Dans une galerie parisienne, deux artistes israéliennes racontent les identités complexes et les préjugés.

Deux comédiennes entrent dans la galerie Mémoire de l’Avenir à Belleville et commencent à discuter. L’une en anglais, l’autre en français. C’est le début de la performance. Faux-amis/False friends c’est le récit réel d’une amitié qui débute par la perte d’un ordinateur portable.

Lilac 28 ans et Rony 25 ans, qui ont toutes les deux écrit les textes, sont devenues amies en Europe. Elles se connaissaient pourtant en Israël, leur pays d’origine, mais c’est ici qu’elles ont vraiment tissé des liens grâce à leur nouveau point commun : être étrangère dans leur pays de résidence. Rony en France, Lilac en Angleterre.

Lorsque Lilac va perdre son ordinateur à Londres, elle est désespérée. Elle va contacter Rony qui aura ces mots « I know what you’re going through. Come to Paris »  (« Je sais ce que tu ressens. Viens à Paris »). Elles vont alors se retrouver et partager sur leur sentiment de déracinement et la difficulté pragmatique de ne pas être européennes, avec notamment les problèmes de visa. C’est le début de l’histoire de cette performance et de leur histoire d’amitié.

Pendant plus d’une demi-heure, les deux comédiennes vont jouer leurs propres vies devant nous. Leurs interrogations sur l’identité, le sentiment d’appartenance, la solitude du déraciné, tout cela sera évoqué dans un mélange de dialogues, de monologues et d’enregistrements sonores de leurs propres voix. Nous assisterons aussi à une partie déroutante du jeu « Qui est ce ? ».

Après le show, Rony raconte une anecdote intégrée à la performance. Comme elle parle le français à la quasi-perfection, ses différents interlocuteurs essayent de la raccrocher à une identité française. « Mais tu es née en France ? », « Non » répond-t-elle toujours.

Et puis, un jour, quelqu’un parle de Jean-Jacques Goldman. Elle demande innocemment qui est cette personne. Les gens sont à la fois étonnés et « ils comprennent d’un coup », dit-elle. Non, effectivement, elle ne peut pas être française. Elle ne connaît pas Goldman, plus besoin de la questionner.

Maintenant, Rony connaît Goldman et mange même ses œufs à la coque.

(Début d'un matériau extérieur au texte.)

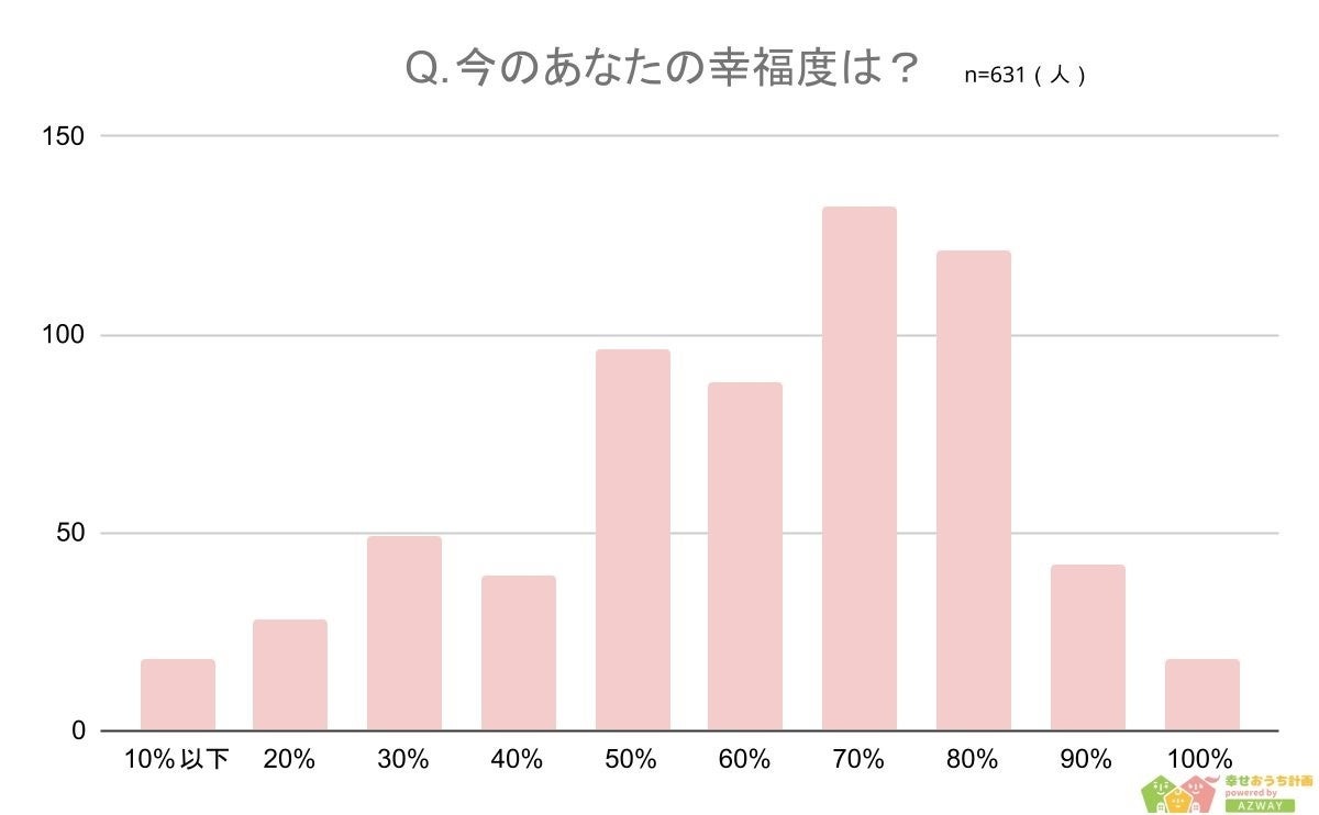 続いて、「今の幸福度」について聞いたところ、70%を選んだ人が132人(20.9%)で1位、80%を選んだ人が121人(19.2%)で2位、50%を選んだ人が96人(15.2%)で3位という結果になりました。50〜80%の満足度の人が半数以上にのぼることがわかります。

Pourtant, malgré le temps qui passe et l’impression de faire de plus en plus partie intégrante du pays, elle continue de se ressentir « étrangère ».

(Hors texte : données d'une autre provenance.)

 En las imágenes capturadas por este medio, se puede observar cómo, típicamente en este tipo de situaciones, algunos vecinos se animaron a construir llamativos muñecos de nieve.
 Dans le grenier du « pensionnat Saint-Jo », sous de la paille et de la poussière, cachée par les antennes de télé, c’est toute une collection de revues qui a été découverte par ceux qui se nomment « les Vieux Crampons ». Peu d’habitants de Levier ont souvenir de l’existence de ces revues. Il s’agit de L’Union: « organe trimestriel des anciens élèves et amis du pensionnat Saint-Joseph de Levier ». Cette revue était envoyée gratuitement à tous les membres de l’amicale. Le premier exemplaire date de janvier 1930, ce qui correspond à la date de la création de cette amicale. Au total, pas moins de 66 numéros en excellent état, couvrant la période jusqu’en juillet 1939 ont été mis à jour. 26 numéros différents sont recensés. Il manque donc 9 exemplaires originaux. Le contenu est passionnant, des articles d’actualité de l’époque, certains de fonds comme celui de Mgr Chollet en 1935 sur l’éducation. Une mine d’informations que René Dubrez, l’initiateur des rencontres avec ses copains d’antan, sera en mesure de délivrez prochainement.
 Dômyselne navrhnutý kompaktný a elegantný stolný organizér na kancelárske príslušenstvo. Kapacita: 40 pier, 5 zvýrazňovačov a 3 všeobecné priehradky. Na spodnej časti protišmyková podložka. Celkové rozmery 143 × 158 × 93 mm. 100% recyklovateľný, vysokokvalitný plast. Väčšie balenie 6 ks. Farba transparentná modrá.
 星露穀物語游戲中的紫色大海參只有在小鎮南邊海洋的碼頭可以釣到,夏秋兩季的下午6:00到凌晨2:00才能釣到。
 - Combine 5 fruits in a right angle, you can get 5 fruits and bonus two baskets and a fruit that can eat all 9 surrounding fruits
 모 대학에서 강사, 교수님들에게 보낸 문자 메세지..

Elle explique être entrée dans une nouvelle étape vers une plus grande « intégration » grâce à son projet « IGLOU ». Il s’agit d’une plateforme artistique parisienne qu’elle a fondée, donc un moyen de s’enraciner encore un peu plus sur le territoire et dans la vie française.

Le premier événement d’IGLOU se tiendra au Pavillon des Canaux à Paris le 21 juillet. Il aura pour thème « premier séjour », un terme très difficile à traduire dans une autre langue. Un travail qualifié par Rony de « continuité nécessaire » à Faux amis/False friends.

Pour l’heure, la performance est suspendue et reprendra après l’été, car comme le souligne la comédienne de 25 ans, c’est une « performance consolante d’hiver ».